* **Instructions to follow**
Restate each entry exactly, without pictures.

* **Stored records**
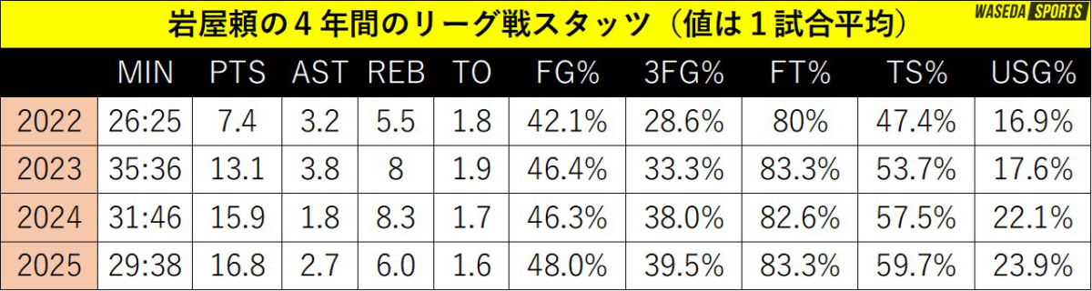 4年間のスタッツが示すように、岩屋の得点と得点効率は年々右肩上がり。3×3がスコアリングガードとしての進化に貢献していることは間違いない。
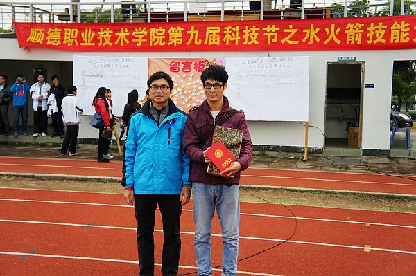 12月5日的决赛在雨后美丽的学校运动场举行,参加人员有学生处、校团委、机电工程系党总支书记以及相关老师。决赛飞行分10组进行,每组3个,发令员一声令下,三支形态各异的水火箭凌空飞行,上演了一幕顺职水火箭style,赢来现场观众的阵阵掌声和欢呼声。紧接而来的是大赛与现场观众的互动环节----“顺职非常6+1砸金蛋”活动,观众的积极参与把现场气氛一次次推向高潮。最后,经过一轮轮的飞行决战,来自机电系的“飞得起”号凭借精致的外形、成功的二级推进技巧获荣获一等奖以及“最佳创意”奖,来自电信系、机电系的“小小穿梭机号”、“等一下号”获得二等奖,“飞翔号”、“第一次号”、“一飞冲天号”获得三等奖。
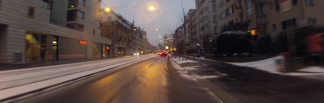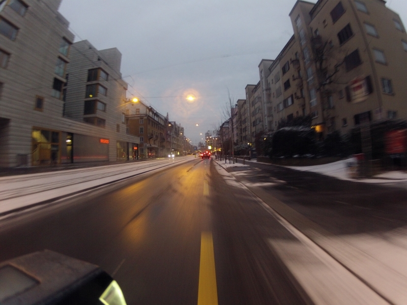 Den Salzstreuern im Raum Zürich, schien die Situation rund um die Eisbildung etwas zu heikel zu sein. Das viele gestreute Salz brachte den Schnee zum Schmelzen und verhalf mir so zu einer glänzenden Foto, dem heutigen Titelbild.
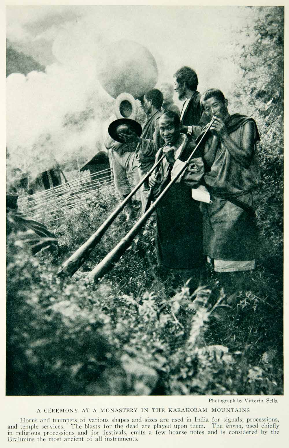 This is an original 1924 duotone halftone print of a horn ceremony at an Indian monastery in the Karakoram Mountain Range.
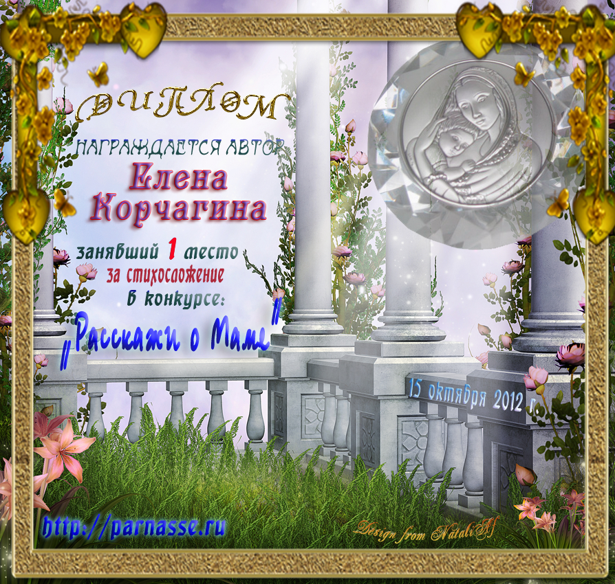 Победителю музыкально-литературного конкурса "Ах, Мама, Мамочка, родная!" Номинация "Стихи о Мамочке". Поздравляем! Счастья Вам, прекрасного настроения, вдохновения, успехов и всего замечательного. Спасибо за участие в конкурсе. С Уважением, Администрация.
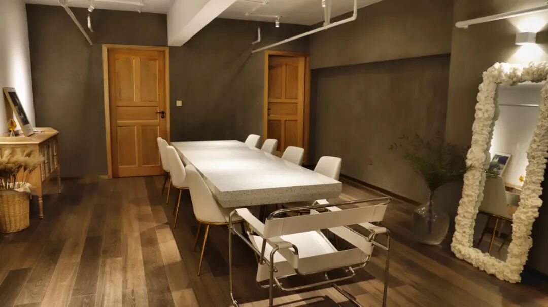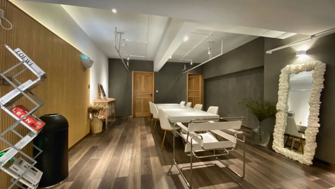 店内环境是一大亮点。灰与白交替的墙面,给人感觉安静与中性,不带有任何情绪的闪动,既不压抑也不张扬,金属质感与原木的嵌入又跳脱单调无趣,让人眼前一亮,慢慢沉淀下城市的喧嚣。
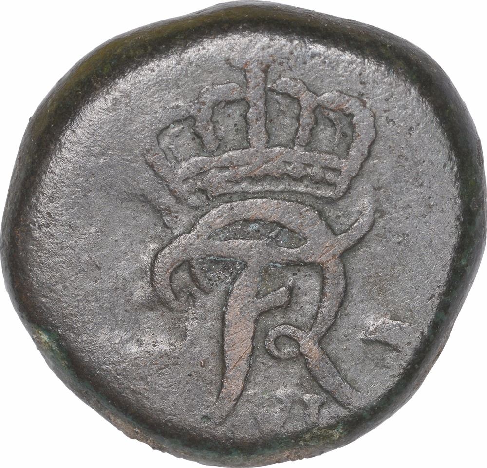 India-Danish, Tranquebar, Frederik VI, Copper 4 Cash,1816 AD,Obv:crowned FR (Entwined),Rev:X between star over date, 1816,5.77g, 17.00mm,(KM # 158),about very fine.
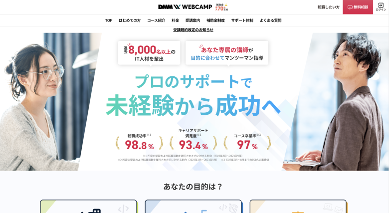 短期間でスキル習得を目指せるコースもあり、働きながら効率よく学びたい社会人に向いています。キャリアサポートも整っており、Web業界への転職を目指す方にもおすすめです。
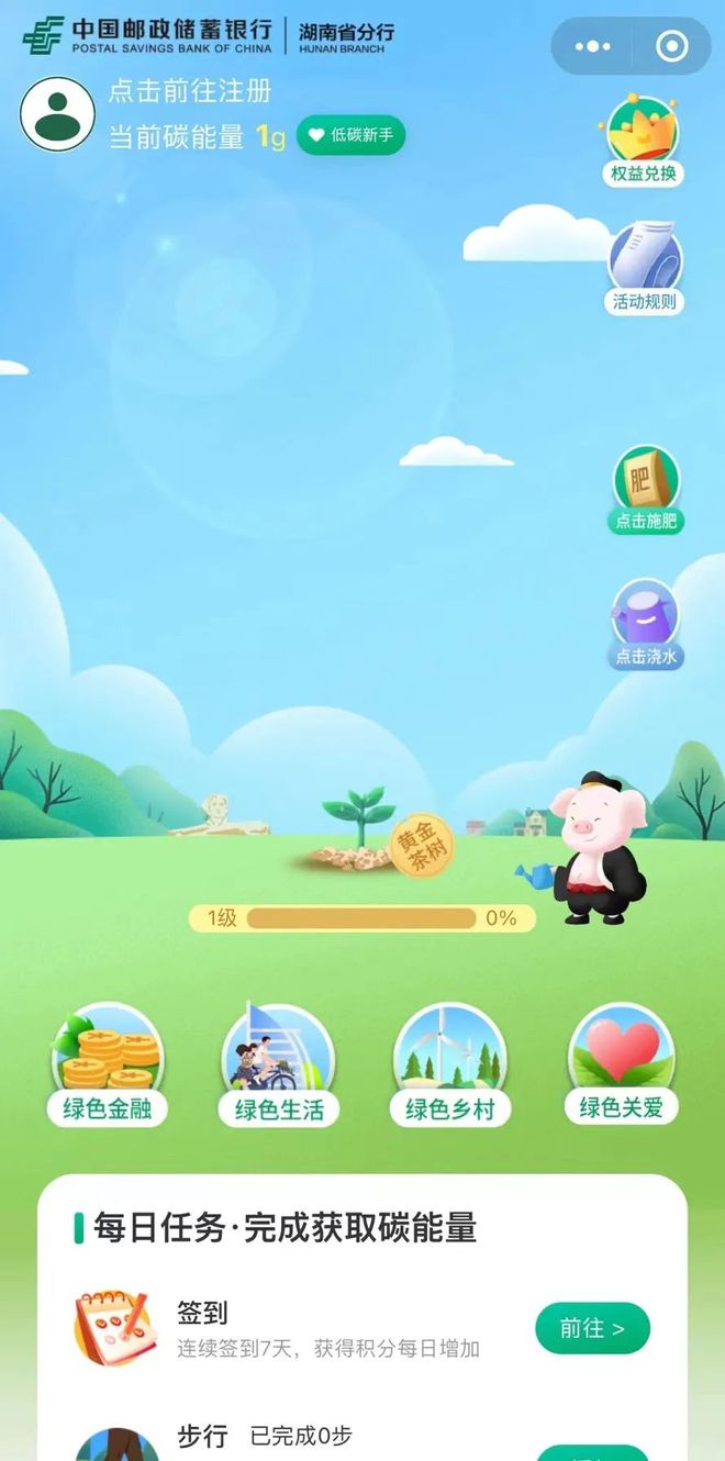 记者了解到,“C邮记”完成注册后,用户可以在“绿色金融”“绿色生活”“绿色乡村”“绿色关爱”四个场景里完成活动任务,获得碳能量奖励。同时,每位用户将获得一株虚拟黄金茶树树苗,通过碳能量可兑换道具,培育茶苗。待树长成,用户将获得纪念勋章和黄金茶茶叶。除了培育树苗,“碳能量”还可用于兑换公交券、地铁券等权益,或是捐献于公益活动。
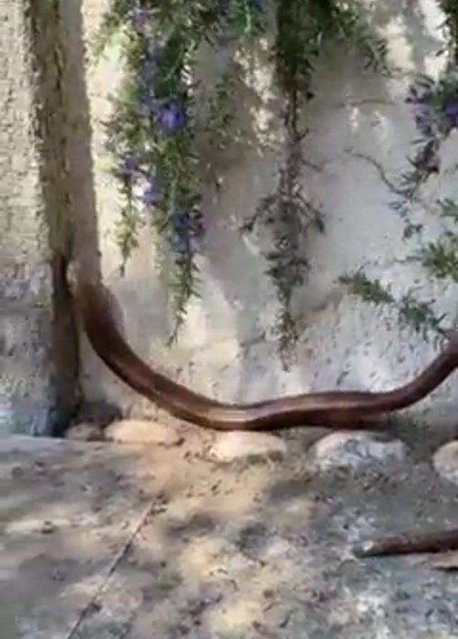 large brown snake moving on a concrete surface. The snake is partially hidden behind greenery, which includes purple flowers. The snake is seen moving around the greenery, slithering across the concrete surface. The video is taken outdoors, with natural lighting.
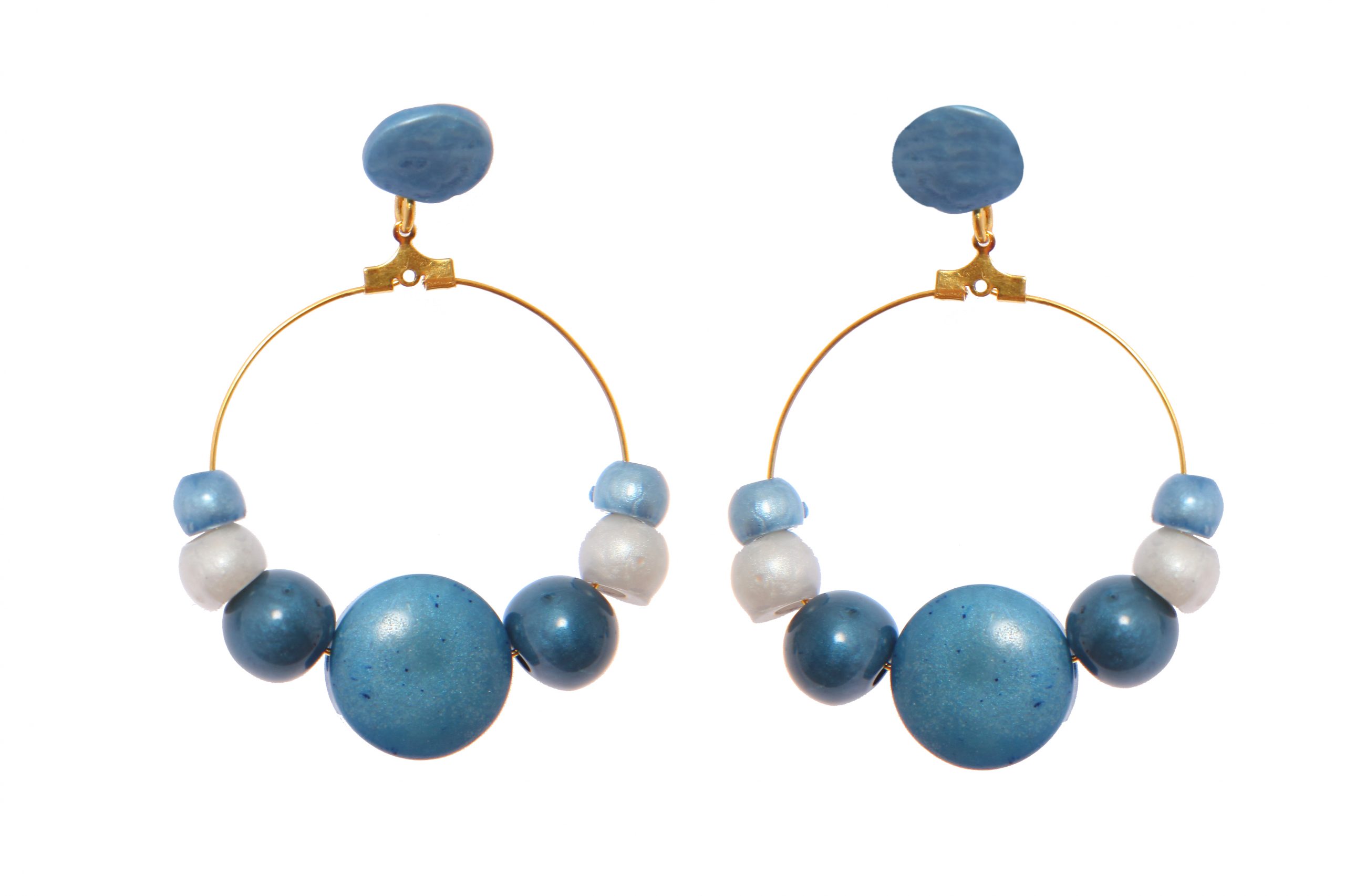 Pendiente de flamenca aro mediano piedras nácar color azul ducado
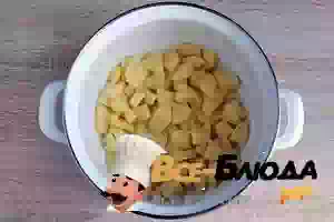 1. Картофель нарежьте небольшими кусочками и выложите в кастрюлю.
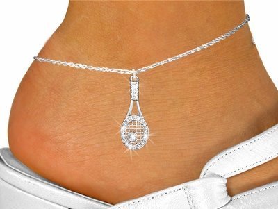 -. Title : Crystal Tennis Racquet Charm & Anklet
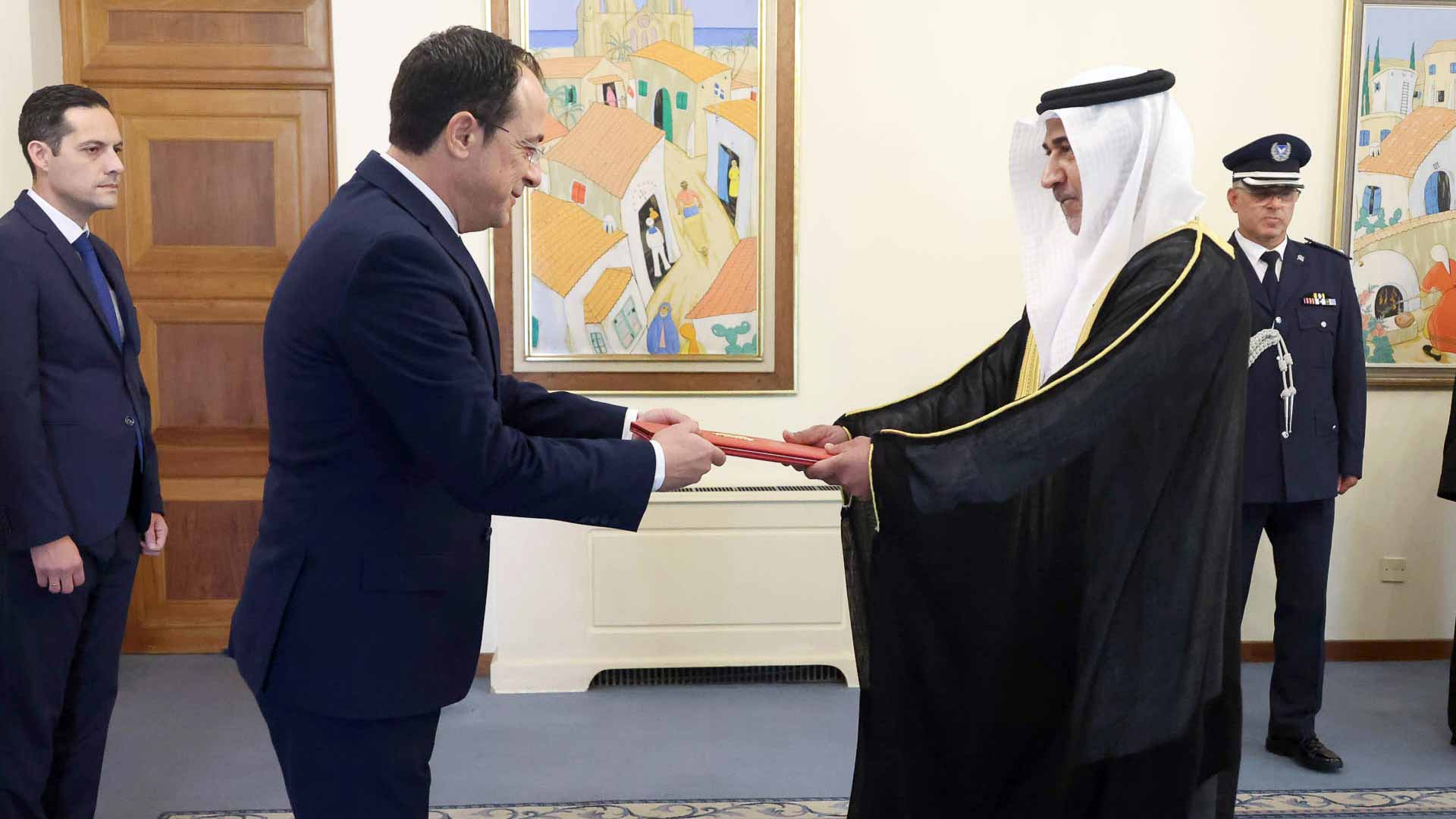 تسلّم سعادة سيف عبد الله الشامسي، وكيل وزارة مساعد لشؤون المراسم في وزارة الخارجية، نسخة من أوراق اعتماد ميروبي كريستوفي، سفيرة جمهورية قبرص لدى الدولة، وذلك في ديوان عام الوزارة.

* **Solution to the problem**
 4年間のスタッツが示すように、岩屋の得点と得点効率は年々右肩上がり。3×3がスコアリングガードとしての進化に貢献していることは間違いない。
 12月5日的决赛在雨后美丽的学校运动场举行,参加人员有学生处、校团委、机电工程系党总支书记以及相关老师。决赛飞行分10组进行,每组3个,发令员一声令下,三支形态各异的水火箭凌空飞行,上演了一幕顺职水火箭style,赢来现场观众的阵阵掌声和欢呼声。紧接而来的是大赛与现场观众的互动环节----“顺职非常6+1砸金蛋”活动,观众的积极参与把现场气氛一次次推向高潮。最后,经过一轮轮的飞行决战,来自机电系的“飞得起”号凭借精致的外形、成功的二级推进技巧获荣获一等奖以及“最佳创意”奖,来自电信系、机电系的“小小穿梭机号”、“等一下号”获得二等奖,“飞翔号”、“第一次号”、“一飞冲天号”获得三等奖。
 Den Salzstreuern im Raum Zürich, schien die Situation rund um die Eisbildung etwas zu heikel zu sein. Das viele gestreute Salz brachte den Schnee zum Schmelzen und verhalf mir so zu einer glänzenden Foto, dem heutigen Titelbild.
 This is an original 1924 duotone halftone print of a horn ceremony at an Indian monastery in the Karakoram Mountain Range.
 Победителю музыкально-литературного конкурса "Ах, Мама, Мамочка, родная!" Номинация "Стихи о Мамочке". Поздравляем! Счастья Вам, прекрасного настроения, вдохновения, успехов и всего замечательного. Спасибо за участие в конкурсе. С Уважением, Администрация.
 店内环境是一大亮点。灰与白交替的墙面,给人感觉安静与中性,不带有任何情绪的闪动,既不压抑也不张扬,金属质感与原木的嵌入又跳脱单调无趣,让人眼前一亮,慢慢沉淀下城市的喧嚣。
 India-Danish, Tranquebar, Frederik VI, Copper 4 Cash,1816 AD,Obv:crowned FR (Entwined),Rev:X between star over date, 1816,5.77g, 17.00mm,(KM # 158),about very fine.
 短期間でスキル習得を目指せるコースもあり、働きながら効率よく学びたい社会人に向いています。キャリアサポートも整っており、Web業界への転職を目指す方にもおすすめです。
 记者了解到,“C邮记”完成注册后,用户可以在“绿色金融”“绿色生活”“绿色乡村”“绿色关爱”四个场景里完成活动任务,获得碳能量奖励。同时,每位用户将获得一株虚拟黄金茶树树苗,通过碳能量可兑换道具,培育茶苗。待树长成,用户将获得纪念勋章和黄金茶茶叶。除了培育树苗,“碳能量”还可用于兑换公交券、地铁券等权益,或是捐献于公益活动。
 large brown snake moving on a concrete surface. The snake is partially hidden behind greenery, which includes purple flowers. The snake is seen moving around the greenery, slithering across the concrete surface. The video is taken outdoors, with natural lighting.
 Pendiente de flamenca aro mediano piedras nácar color azul ducado
 1. Картофель нарежьте небольшими кусочками и выложите в кастрюлю.
 -. Title : Crystal Tennis Racquet Charm & Anklet
 تسلّم سعادة سيف عبد الله الشامسي، وكيل وزارة مساعد لشؤون المراسم في وزارة الخارجية، نسخة من أوراق اعتماد ميروبي كريستوفي، سفيرة جمهورية قبرص لدى الدولة، وذلك في ديوان عام الوزارة.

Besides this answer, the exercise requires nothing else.